> [RECORDS PROVIDED]:
--- --- ---

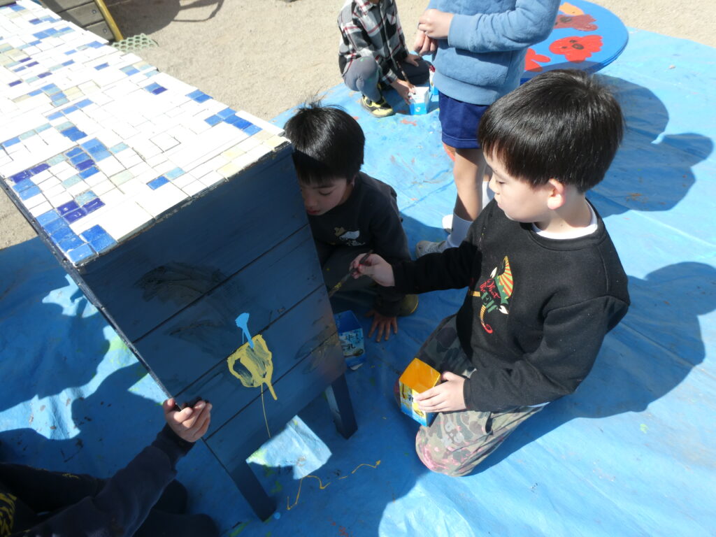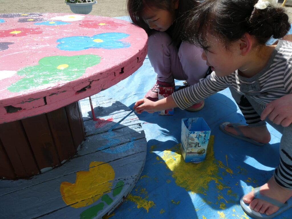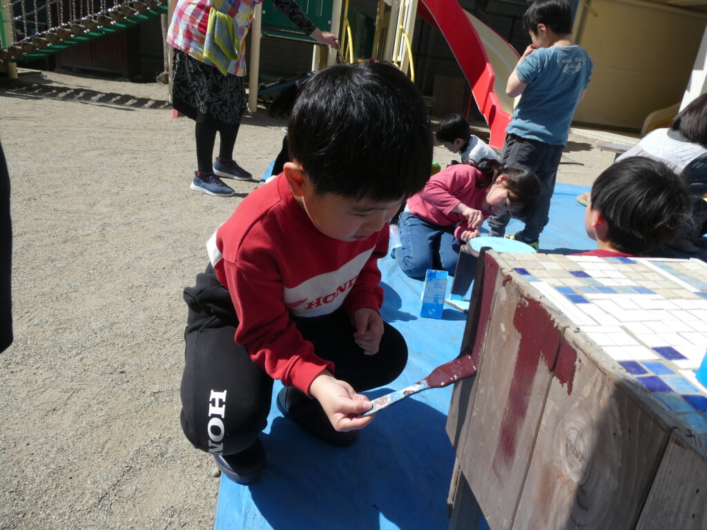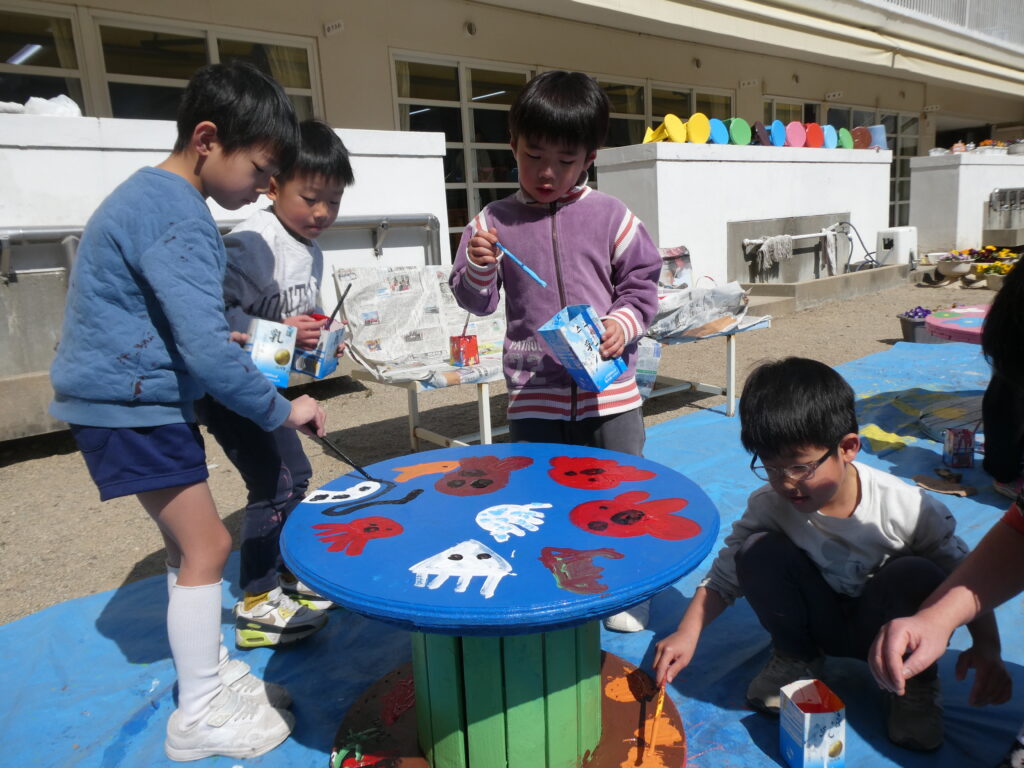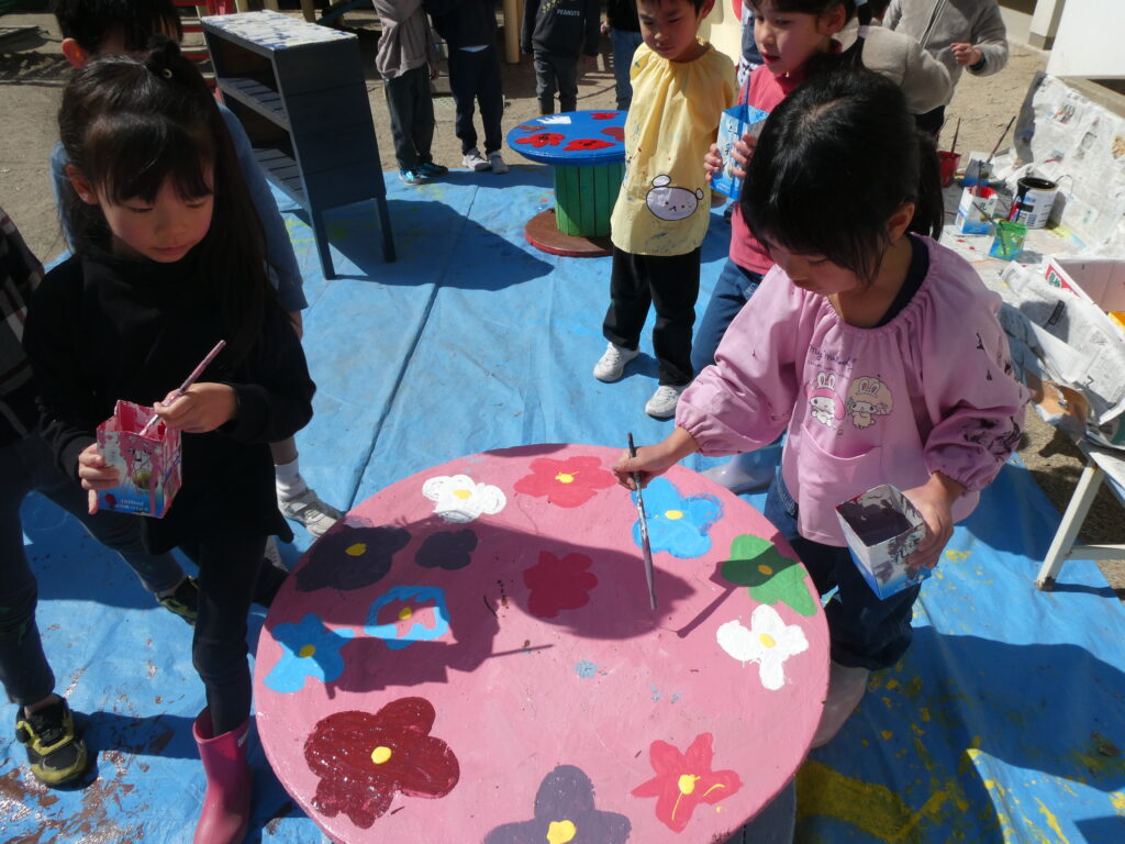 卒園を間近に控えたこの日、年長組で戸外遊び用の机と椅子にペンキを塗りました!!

--- --- ---

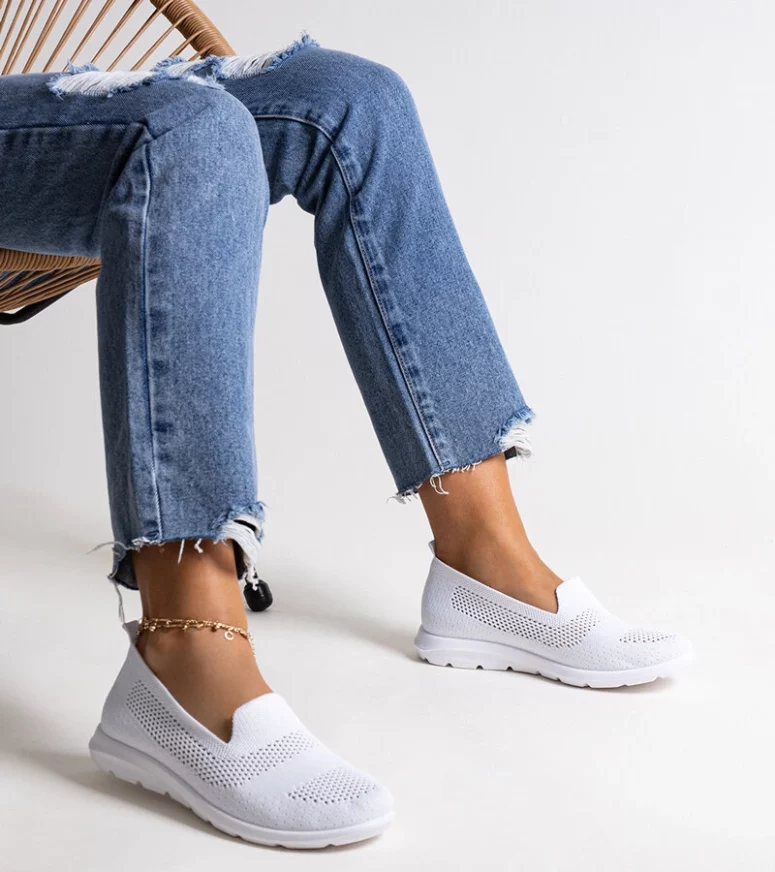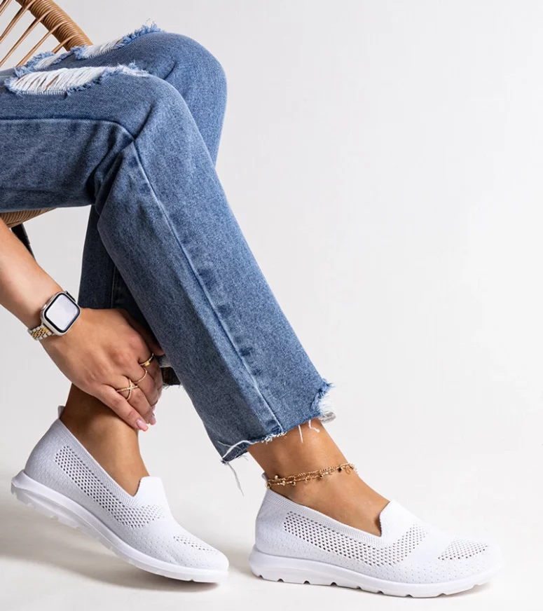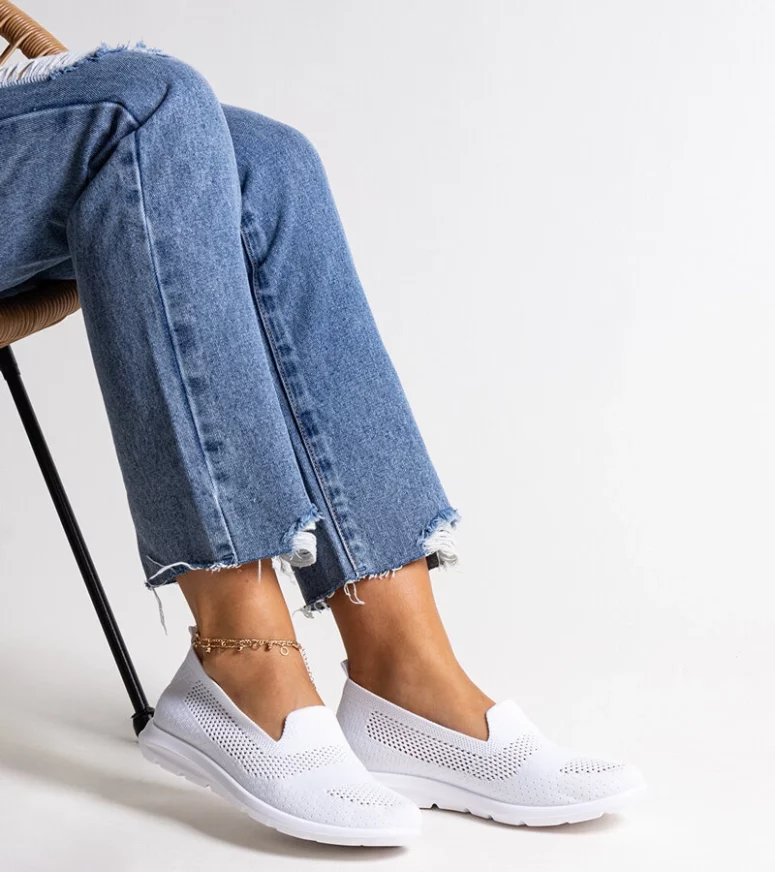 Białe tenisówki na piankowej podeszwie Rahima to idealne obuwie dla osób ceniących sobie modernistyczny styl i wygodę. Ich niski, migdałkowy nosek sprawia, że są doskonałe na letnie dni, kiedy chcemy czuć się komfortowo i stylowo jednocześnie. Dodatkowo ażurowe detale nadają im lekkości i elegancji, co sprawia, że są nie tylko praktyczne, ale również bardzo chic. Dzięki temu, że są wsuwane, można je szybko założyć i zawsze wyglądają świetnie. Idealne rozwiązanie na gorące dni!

--- --- ---

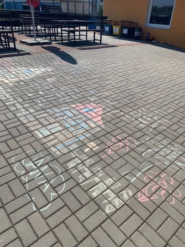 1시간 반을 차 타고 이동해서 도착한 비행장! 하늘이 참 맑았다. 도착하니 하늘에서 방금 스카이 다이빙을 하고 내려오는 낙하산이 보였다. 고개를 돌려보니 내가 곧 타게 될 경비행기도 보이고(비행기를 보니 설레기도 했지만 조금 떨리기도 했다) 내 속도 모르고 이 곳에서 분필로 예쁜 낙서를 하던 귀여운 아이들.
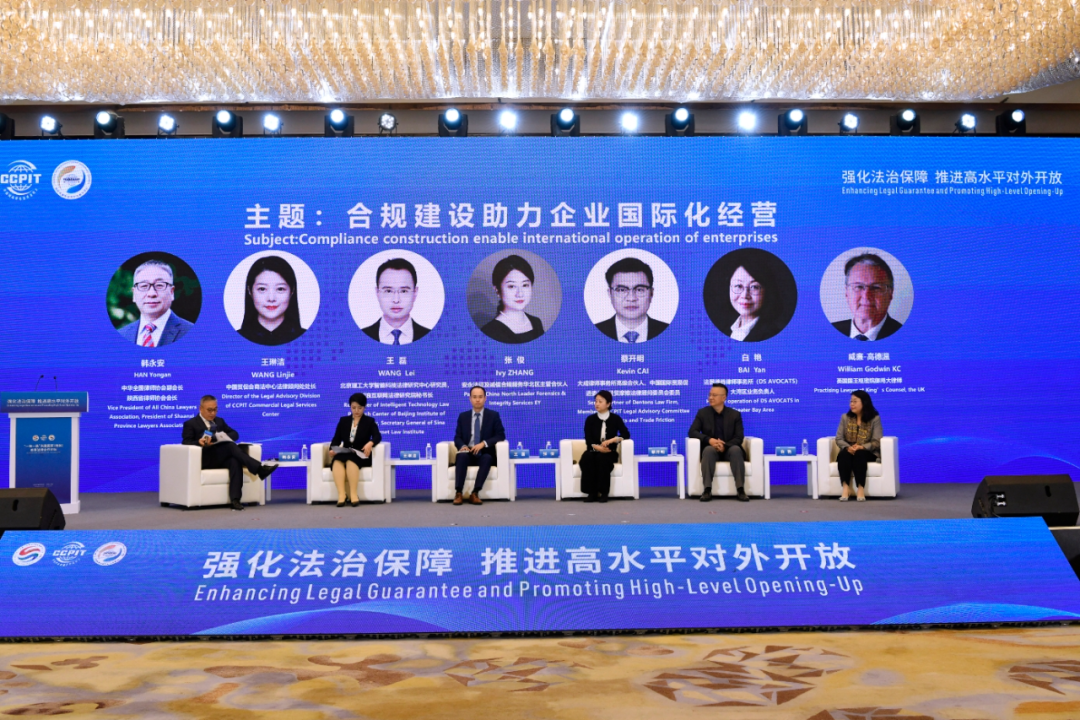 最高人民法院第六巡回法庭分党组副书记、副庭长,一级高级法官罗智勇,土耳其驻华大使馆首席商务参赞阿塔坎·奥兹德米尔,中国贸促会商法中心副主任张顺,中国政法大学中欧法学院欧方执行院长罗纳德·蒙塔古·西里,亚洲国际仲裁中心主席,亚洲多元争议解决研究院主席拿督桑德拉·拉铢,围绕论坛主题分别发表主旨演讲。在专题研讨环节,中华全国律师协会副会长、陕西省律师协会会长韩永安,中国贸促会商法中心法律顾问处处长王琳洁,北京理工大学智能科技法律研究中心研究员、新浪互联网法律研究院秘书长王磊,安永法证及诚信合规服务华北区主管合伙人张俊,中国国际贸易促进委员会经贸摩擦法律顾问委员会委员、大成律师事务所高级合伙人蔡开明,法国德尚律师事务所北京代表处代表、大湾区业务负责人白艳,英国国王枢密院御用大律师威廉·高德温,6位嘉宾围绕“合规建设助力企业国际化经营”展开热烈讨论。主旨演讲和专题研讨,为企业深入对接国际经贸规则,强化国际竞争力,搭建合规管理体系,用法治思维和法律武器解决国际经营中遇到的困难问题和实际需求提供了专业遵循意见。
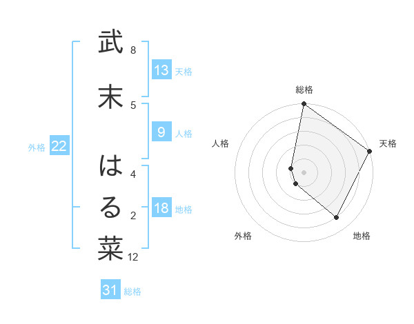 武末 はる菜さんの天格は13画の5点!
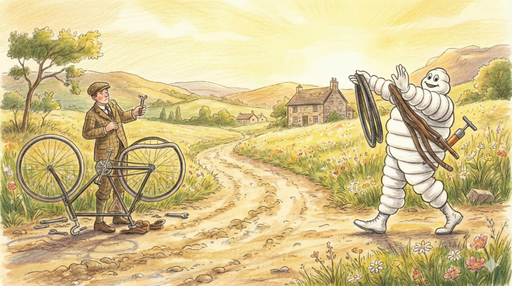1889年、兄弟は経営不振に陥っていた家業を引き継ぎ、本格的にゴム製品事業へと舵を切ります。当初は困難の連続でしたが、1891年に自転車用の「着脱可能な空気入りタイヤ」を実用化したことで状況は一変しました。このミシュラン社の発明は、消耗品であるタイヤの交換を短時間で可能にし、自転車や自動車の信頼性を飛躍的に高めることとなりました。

--- --- ---

> [TASK REQUIREMENTS]: Beginning at the line that has "1시간 반을 차 타고" and ending at the line that has "1889年、兄弟は経営不振に", restate the listing above word for word, pictures left out.

> [EXERCISE OUTPUT]:
 1시간 반을 차 타고 이동해서 도착한 비행장! 하늘이 참 맑았다. 도착하니 하늘에서 방금 스카이 다이빙을 하고 내려오는 낙하산이 보였다. 고개를 돌려보니 내가 곧 타게 될 경비행기도 보이고(비행기를 보니 설레기도 했지만 조금 떨리기도 했다) 내 속도 모르고 이 곳에서 분필로 예쁜 낙서를 하던 귀여운 아이들.
 最高人民法院第六巡回法庭分党组副书记、副庭长,一级高级法官罗智勇,土耳其驻华大使馆首席商务参赞阿塔坎·奥兹德米尔,中国贸促会商法中心副主任张顺,中国政法大学中欧法学院欧方执行院长罗纳德·蒙塔古·西里,亚洲国际仲裁中心主席,亚洲多元争议解决研究院主席拿督桑德拉·拉铢,围绕论坛主题分别发表主旨演讲。在专题研讨环节,中华全国律师协会副会长、陕西省律师协会会长韩永安,中国贸促会商法中心法律顾问处处长王琳洁,北京理工大学智能科技法律研究中心研究员、新浪互联网法律研究院秘书长王磊,安永法证及诚信合规服务华北区主管合伙人张俊,中国国际贸易促进委员会经贸摩擦法律顾问委员会委员、大成律师事务所高级合伙人蔡开明,法国德尚律师事务所北京代表处代表、大湾区业务负责人白艳,英国国王枢密院御用大律师威廉·高德温,6位嘉宾围绕“合规建设助力企业国际化经营”展开热烈讨论。主旨演讲和专题研讨,为企业深入对接国际经贸规则,强化国际竞争力,搭建合规管理体系,用法治思维和法律武器解决国际经营中遇到的困难问题和实际需求提供了专业遵循意见。
 武末 はる菜さんの天格は13画の5点!
1889年、兄弟は経営不振に陥っていた家業を引き継ぎ、本格的にゴム製品事業へと舵を切ります。当初は困難の連続でしたが、1891年に自転車用の「着脱可能な空気入りタイヤ」を実用化したことで状況は一変しました。このミシュラン社の発明は、消耗品であるタイヤの交換を短時間で可能にし、自転車や自動車の信頼性を飛躍的に高めることとなりました。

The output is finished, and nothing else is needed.